А Барнет хохочет, довольно потирая руки…

Зачем ему все это было нужно? Секрет был прост: Барнет хотел видеть и знать своих соратников по работе во всех подробностях их актерской и человеческой сути. Ему хотелось понять и потенциальные возможности тех, на кого он возложил труднейшую задачу – быть полпредом его идей. Способны ли они донести до зрителей многосложные образы, столь тщательно выписанные авторами?

Повторяю, в «Подвиге разведчика» Борис Васильевич Барнет блестяще проявил себя не только как режиссер-постановщик, но и как актер в роли немецкого генерала Кюна.

И то, и другое, а главное – вера в человека! – и помогли мне создать правдивый образ Алексея Федотова, глубже понять суть, назначение искусства.

Мой старший товарищ

Судьбе угодно было распорядиться так, что с талантливым артистом Федором Михайловичем Никитиным я работал в юные и зрелые годы в театре и кино. А если говорить точнее, то актера Федора Никитина я узнал задолго до знакомства и работы с ним на сцене театра.

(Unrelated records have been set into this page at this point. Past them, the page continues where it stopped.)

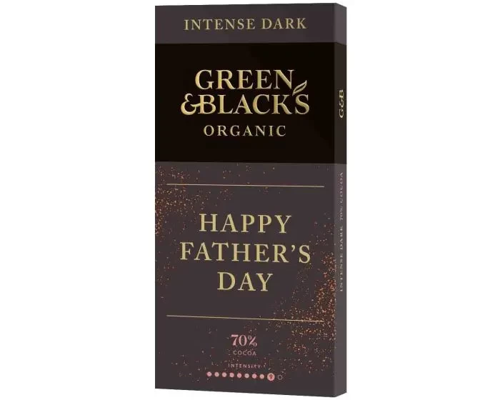 Green & Black's Father's Day organic dark chocolate gift. Green & Black's classic organic Dark 70% bar with Happy Father's Day gift sleeve alongside Dark with Ginger pieces, G& B's Organic Dark 85% bars. All delivered in Green & Black's recycled gift box.
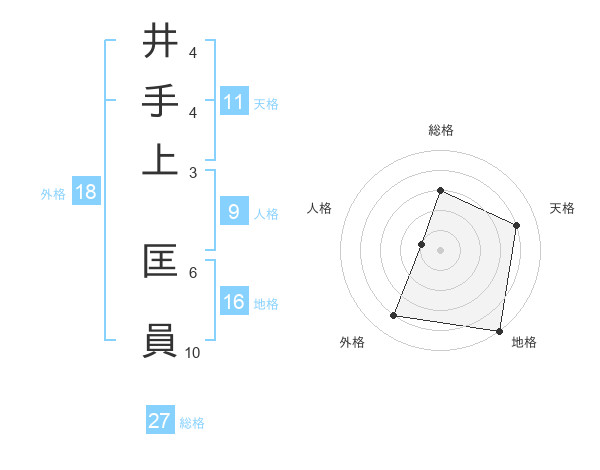 井手上 匡員さんを姓名の画数から五運を鑑定
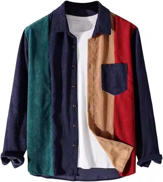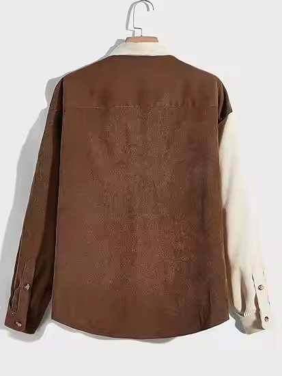 Factory Customize Low Moq Colored Beige Brown Camel Joint Corduroy Shirts for Men
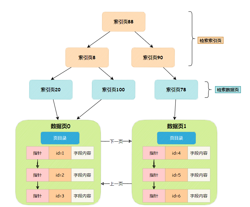 但是随着数据页多起来,它们怎么知道上一页与下一页在那呢?
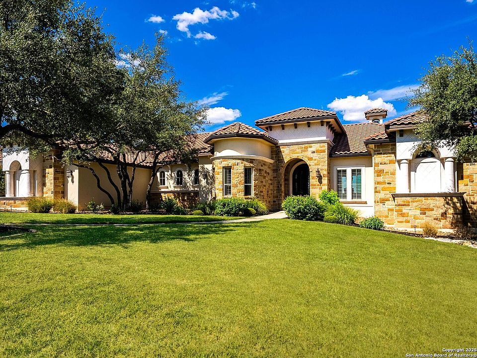Discover panoramic views of the Texas Hill Country and experience masterful craftsmanship in this single-story luxury residence, thoughtfully built by Trinity Custom Builders. Located in the prestigious, gated community of Menger Springs, this estate lot offers the perfect balance of privacy and convenience-just 5 minutes from Boerne's charming Hill Country Mile & easy access to I-10, The Shops at La Cantera, The Rim, Medical Center, and more. Inside, you'll find a spacious, beautifully designed layout featuring high-end finishes, an impressive gourmet kitchen with a dream pantry, expansive windows that bring the outdoors in, and four private ensuite bedrooms. At the heart of the home lies an entertainer's dream: a custom-designed infinity edge pool and spa with a waterfall, grotto, and dramatic gas fire bowls. Multiple outdoor patios, covered lounges, and a built-in chef's kitchen create the ultimate backyard retreat-perfect for both quiet relaxation and unforgettable gatherings. This home also offers views and access to the Menger Springs private 5 acre lake. Families will also appreciate access to the A-rated Boerne ISD school district. Don't miss the virtual tour video for more details.
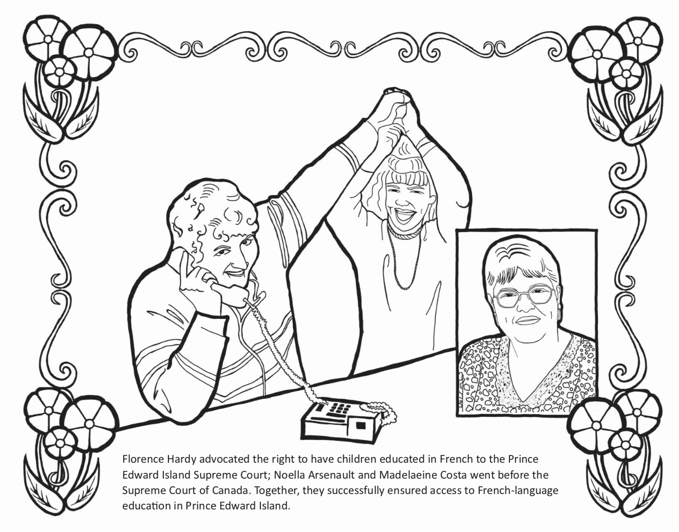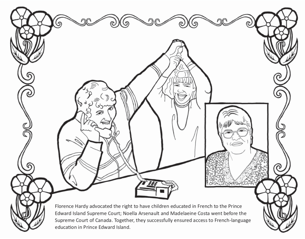 Here is a colouring sheet (created by the PEI Coalition for women in government) explaining and demonstrating this victorious day for all parents, children and members of PEI’s Francophone and Acadian community.
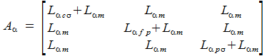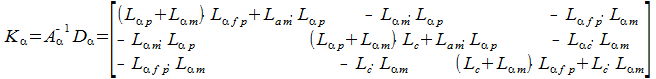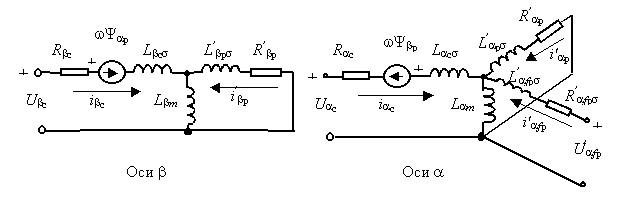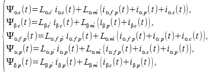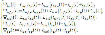 (3), где Lαc, Lβc, Lαfp, Lαp, Lβp – собственные индуктивности контуров статора и ротора, Lαm, Lβm – взаимные индуктивности между обмотками, лежащими по продольной или по поперечной осям. (В этой системе уравнений в приведенных к статору значениях параметров ротора символы ' (прим) опущены).
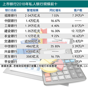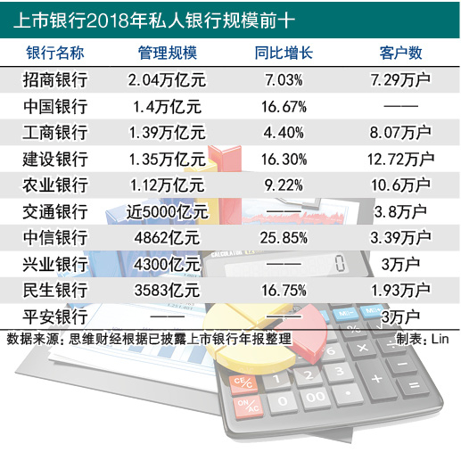 股份制银行对私行业务的热情尤为高涨。2018年下半年,平安银行私人银行、财富管理业务进行了重组整合,平安信托财富管理团队全面并入平安银行私人银行,中后台团队近500人。此外,兴业银行方面也表示将私人银行定位为财富管理和资产管理的枢纽,抓住机遇发展私人银行业务。

Четырнадцатилетним мальчишкой приезжаю в город на Неве с Урала, из небольшого поселка Бикбарда, хотя, как вам уже известно, я родился в Петрограде.

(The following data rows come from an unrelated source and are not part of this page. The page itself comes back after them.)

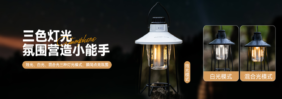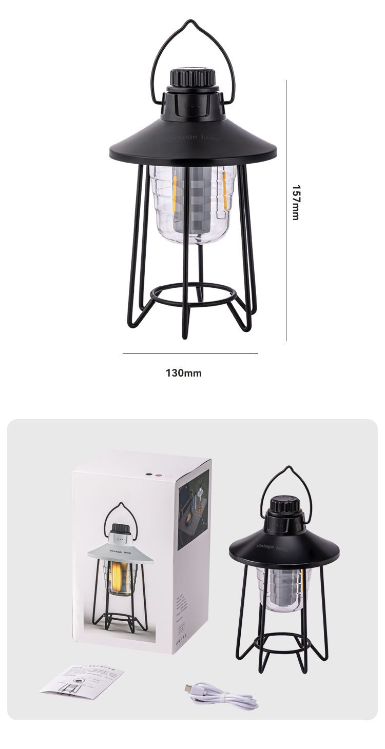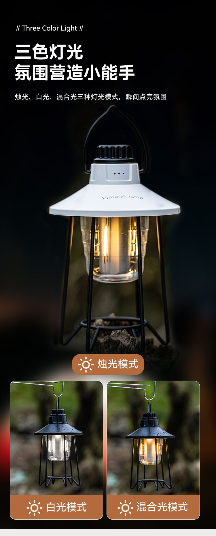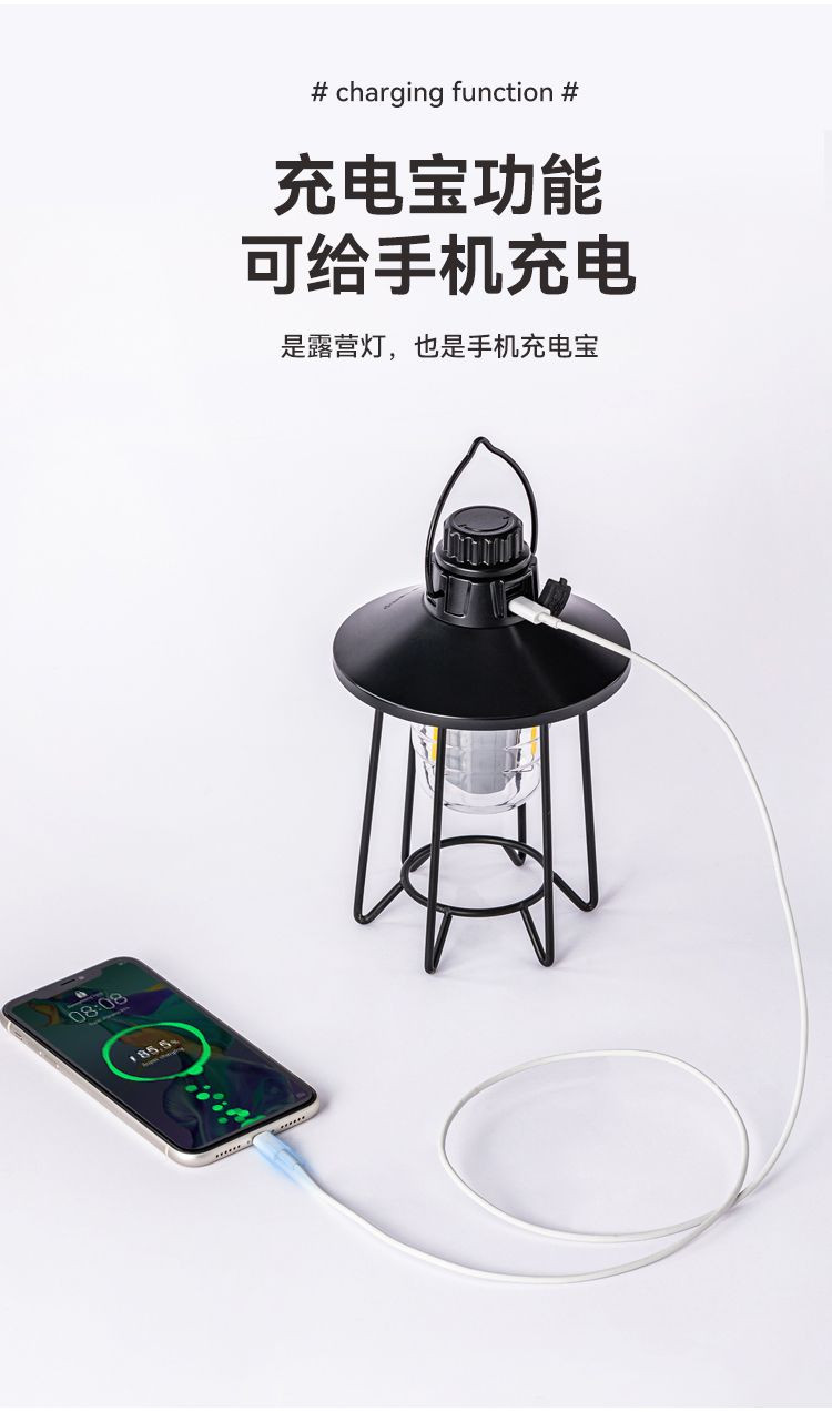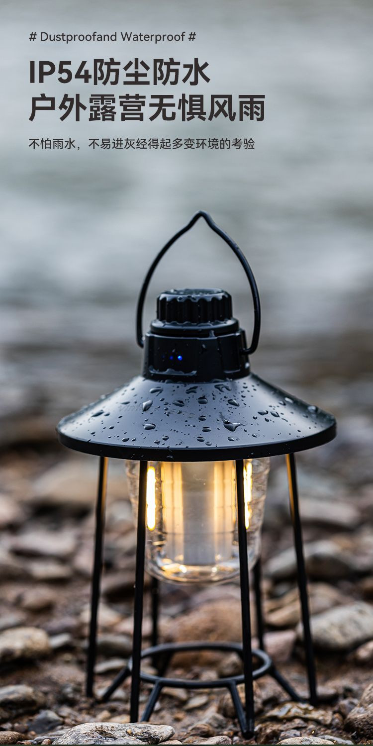 Soft ambient lighting; ABS + PC material with iron craftsmanship; 3 faux tungsten filament bulbs + 9 LEDs; stepless dimming with a rotary knob to highlight premium quality. Built-in intelligent chip with red emergency SOS rescue function. Daily-life water resistant, equipped with power bank functionality, with a battery life of 2–60 hours.
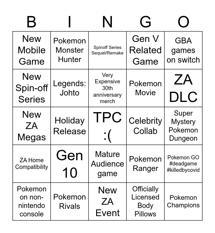 This bingo card has a free space and 24 words: Gen 10, Pokemon Rivals, Very Expensive 30th anniversary merch, Pokemon on non-nintendo console, GBA games on switch, New Mobile Game, New Spin-off Series, Pokemon Monster Hunter, Celebrity Collab, Mature Audience game, Pokemon Movie, New ZA Megas, Pokemon Ranger, Pokemon GO #deadgame #killedbycovid, Legends: Johto, Officially Licensed Body Pillows, Super Mystery Pokemon Dungeon, Spinoff Series Sequel/Remake, ZA DLC, Holiday Release, Pokemon Champions, ZA Home Compatibility, Gen V Related Game and New ZA Event.
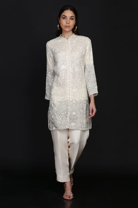 Ivory jacket featuring floral vine motifs in gara, resham and sequinwork embroidery. Paired with a matching flared pant for a cohesive look.
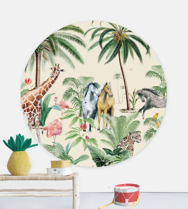 Majestic horses prance among jungle foliage with other wild animals. Printed on non-woven paper, this circle wall mural is the perfect feature within your child's bedroom or playroom.
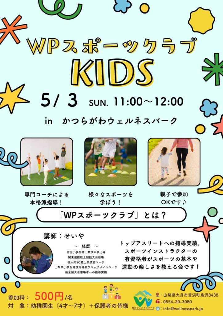 楽しくスポーツを学びましょう!お子様と一緒に保護者の参加もできます。

С чего начинаю знакомство с кинотеатрами родного города? Догадываетесь? Ну, конечно же, с просмотра фильмов с участием звезд мирового экрана.

Пересматриваю все боевики с участием зарубежных звезд немого кино: Рудольфо Валентино, Эмиля Яннингса, Мэри Пикфорд, Дугласа Фербенкса…

Вижу, возле кинотеатра продают тоненькие брошюрки об артистах. Покупаю книжечку «Федор Никитин», читаю – и сразу же появляется желание посмотреть все фильмы с участием этого артиста.

Смотрю их один за другим. Все нравятся! Но особенно – фильмы режиссера Фридриха Эрмлера «Катька – Бумажный Ранет» и «Обломок империи», где так отлично играет Федор Никитин.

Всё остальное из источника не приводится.